La Salle’s Tech Department Addresses Our Wi-Fi Network and How It Operates


Lukas Werner

At the time of Mr. Shaw’s interview, there were 827 devices connected to La Salle’s Wi-Fi network.

Elsie Buczkowski, Assistant Editor

At the beginning of the school year, when La Salle’s entire student body was back in the classrooms for the first time since March 2020, La Salle’s technology department began using a new Wi-Fi system that had been implemented throughout the course of the summer. Last summer, the switch from the old configuration to the new one brought a few challenges, especially since La Salle was not operating at full capacity when the switch was made. 

La Salle’s Network Systems Administrator is Mr. Tad Shaw, who works with “everything that has to do with technology within the school.” He describes Wi-Fi as “it’s own being or entity,” because Wi-Fi is constantly changing and evolving for the better.

Because of the ever-changing nature of Wi-Fi, La Salle’s system was updated over the summer. The older system that was used at La Salle operated on the 2.4 gigahertz (GHz) Wi-Fi spectrum, with 11 available channels. The new system operates on 5 GHz and 32 channels. GHz represents the frequency of the radio waves. The bigger the frequency, the faster the Wi-Fi speeds. 

La Salle’s hardware vendor, Extreme Networks, required that the management system used to manage the Wi-Fi at La Salle be changed. “As part of the transition it kind of made some subtle changes to the wireless configuration across campus,” Director of Technology Mr. David Heineck said. 

After this switch, some students and staff have noticed an issue. When moving between rooms, it appears that the Wi-Fi connection is lost. 

The AP units in every classroom operate on a channel and can be adjusted to different power settings. The signal from the AP units is stronger the closer a device is to the unit. If the power setting on the AP unit is higher, the signal can remain connected but lose strength.

The problem that students are encountering is that as they move through the halls and pass multiple AP units, their device remains connected to an AP unit that is much further away. Because of the power settings on the units, and the fact that 5 GHz Wi-Fi is not able to easily pass through solid objects, they will remain connected through that channel but the signal will become so weak that it will appear to the student that the connection has been lost entirely. 

Mr. Shaw called this a “sticky client.”

The easiest way the student can fix the problem in the moment is by turning their Wi-Fi off and then quickly back on again. Mr. Shaw explained that doing this re-establishes the Wi-Fi connection to the AP unit that is closest to the device. The sticky client will become unstuck. 

Annimation of Wifi device moving and then disconnecting and then reconnecting

Lukas Werner

Since 5 GHz Wi-Fi is significantly worse at traveling through barriers like walls than 2.4 GHz Wi-Fi, members of La Salle’s technology team are working to address the problems that come with this new system. The goal is to contain each AP unit’s channel to the walls of its classroom, but the opening of doors within the building can create complications. The signal sometimes leaks out into the hallway and overlap with another signal, creating a sticky client. 

Fixing the problem of sticky clients will require adjusting the powers of the AP units to make sure that the signal is contained in each room, a tedious process. 

Fixing this issue is just one task on the list of many that Mr.
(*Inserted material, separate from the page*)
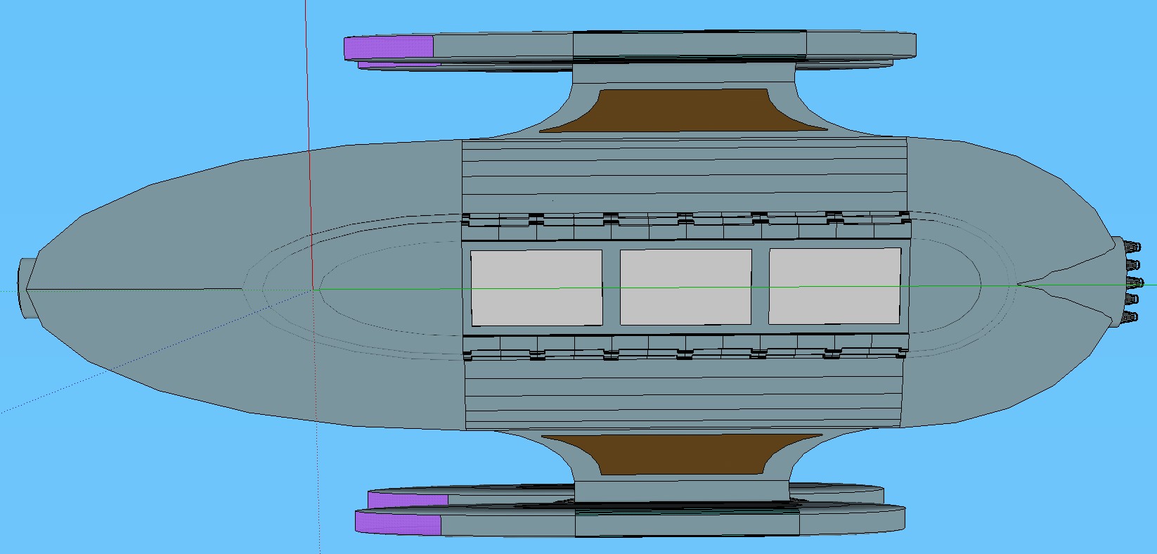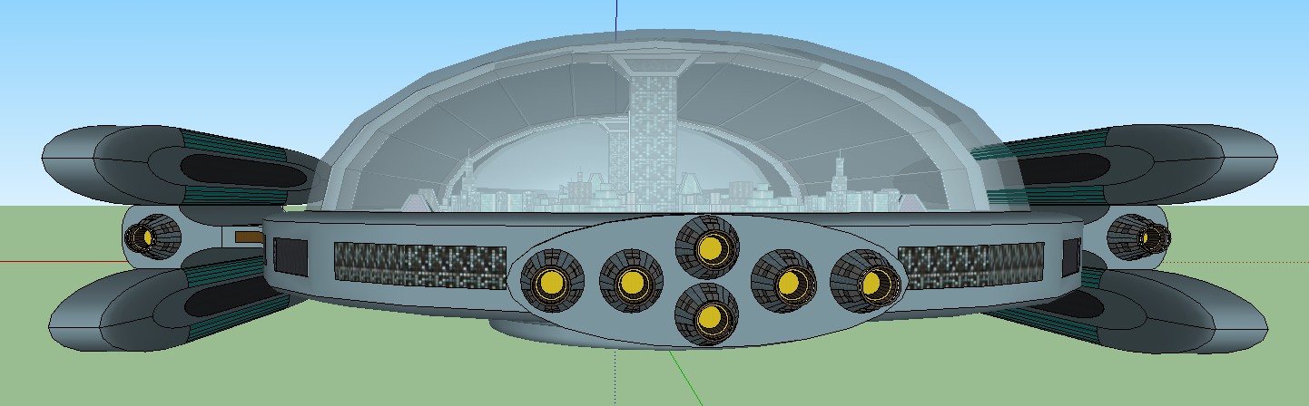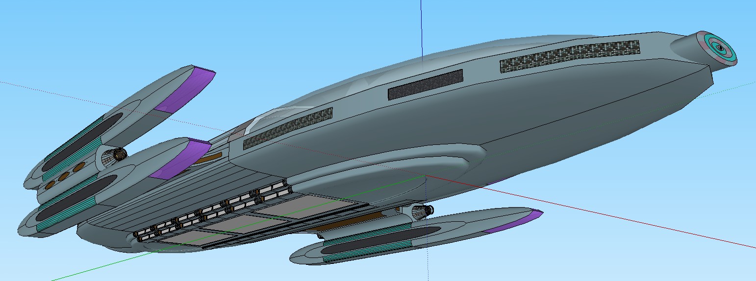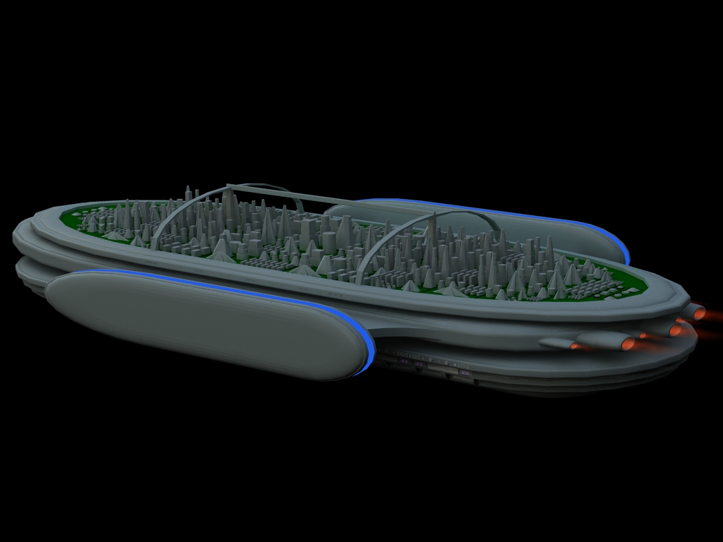 Nach dem ich es allen Ernstes net geschafft habe meinen Gedanken mit Papier und Bleistift bzw Paint Luft zu machen hab ich jetzt einfach mal 3 Tage hier und da n bischen rum modeliert und hier is die erste Version meines Stadtschiffs:

Shaw and Mr. Heineck are addressing. One of their projects includes implementing Wi-Fi 6 within the next one to three years, allowing faster speeds and more reliable connections. “It’s going to involve removing all of our internal network equipment, replacing it with new equipment,” Mr. Heineck said. “Basically doing almost a full scale overhaul of everything to make way for this new technology.”

While there are many other ways that Mr. Shaw spends his time, he prioritizes “the health of our network, that we’re not getting attacked by outside entities,” he said, and that “our systems are connected, that they’re working.” Making sure that students and staff have access to all of our online learning resources is what is most important to Mr. Shaw. 

Mr. Shaw and Mr. Heineck both want the La Salle community to know that they can always reach out, stop by the library anytime, or contact them via email using [email protected]. “Even if it’s not a report of something not working super great. Any suggestions, cool ideas, stuff like that would be awesome to hear about,” said Mr. Heineck.